The following three seem to be some of the most suggestive anti-vaccine and anti-vaping parallels:

  1. Demonization of substances

One of the main anti-vaccine “arguments” is that vaccines contain harmful substances such as formaldehyde or aluminum.

While it is true that there are traces of them in vaccines, the concentration is negligible and incapable of causing any harm.

Interestingly, vaping has also been accused of containing formaldehyde. However, in 2018 a study by the Centers for Disease Control and Prevention (CDC, United States) indicated that the levels of formaldehyde found in e-cig vapor are insignificant to our health.

Nevertheless, the great bête noire is nicotine.

The myths and falsehoods about this substance are at the basis of the anti-vaping campaigns. Public Health England explains this situation very well:

“Four out of 10 smokers and ex-smokers wrongly think nicotine causes most of the smoking-related cancers, when evidence shows nicotine actually carries minimal risk of harm to health. Although nicotine is the reason people become addicted to smoking, it is the thousands of other chemicals contained in cigarette smoke that cause almost all of the harm.”

At the same time, there are a number of contemporary scientific studies regarding the potential benefits of nicotine. For example, Dr. Paul Newhouse of Vanderbilt University Medical Center (United States) claims that “cognitive enhancement is one of the best established therapeutic effects of nicotinic stimulation.”

  1. Outlandish mortality risks

Around the Covid 19 vaccines, rumors circulated on social networks about the possible “high mortality” of the vaccines. According to conspiracy theorists, while the coronavirus causes very few deaths, the lethality associated with the vaccines would be much higher.

In a very similar manner, vape critics used the vaporizer explosion episodes to generate a psychosis around absolutely isolated events.

However, sources such as The Vaping Today give a much more rational and adequate explanation:

“It’s not that vaporizers explode a lot, it’s that when they do the story goes on seemingly endlessly… There is no evidence that real mods or vape pens explode any more than any other battery-powered consumer electronic product. But vaping is not very popular with the non-smoking and non-vaping public, making it an easy target for news stories and social media spreads.”

  1. “Exotic” diseases

Also with regard to Covid 19 vaccines, a dangerous mythology arose about potential harms or diseases that would be generated by the vaccines.

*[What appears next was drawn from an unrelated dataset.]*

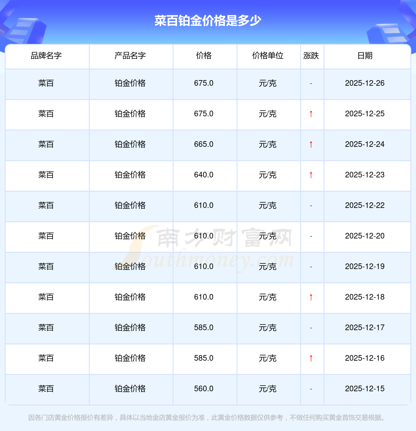 2025年12月28日菜百鉑金價格查詢:675.0元/克。

Thus, anti-vaxxers did not even blush while suggesting that the Pfizer and Moderna vaccines would be responsible for “altering people’s DNA” because they are based on messenger RNA technology.

At the same time, alarms were raised over the alleged fact that children’s immune systems would not tolerate so many vaccines.

In the case of vaping there is also an exotic (and non-existent) disease. It is the E-cigarette or vaping use-associated lung injury, or EVALI.

After a fierce campaign of misinformation and fear, several states in the United States decided to ban most flavored e-cigarettes. On top of that, the FDA increased regulatory scrutiny of vaporizers and other e-cigarettes.

However, as Jeff Stier explains, “it turned out that none of these nicotine e-cigarettes were ever responsible for the lung disease that bears their name. It took until late December for the Centers for Disease Control to (partly) acknowledge that the lung injuries were caused not by vaping liquid nicotine e-cigarettes such as Juul, but by the use of THC oil contaminated with vitamin E acetate.”

Science and innovation vs. obscurantism

It would be a moral and health tragedy if irrational and anti-scientific preaching were to prevail, both in the case of vaccines and vaping.

In the same way that innovations such as messenger RNA empowers medicine, it would be very beneficial to abandon the prejudices and fallacies surrounding vaping.

It is time to become aware that thanks to this type of innovative products we are on the verge of eliminating smoking and saving millions of lives.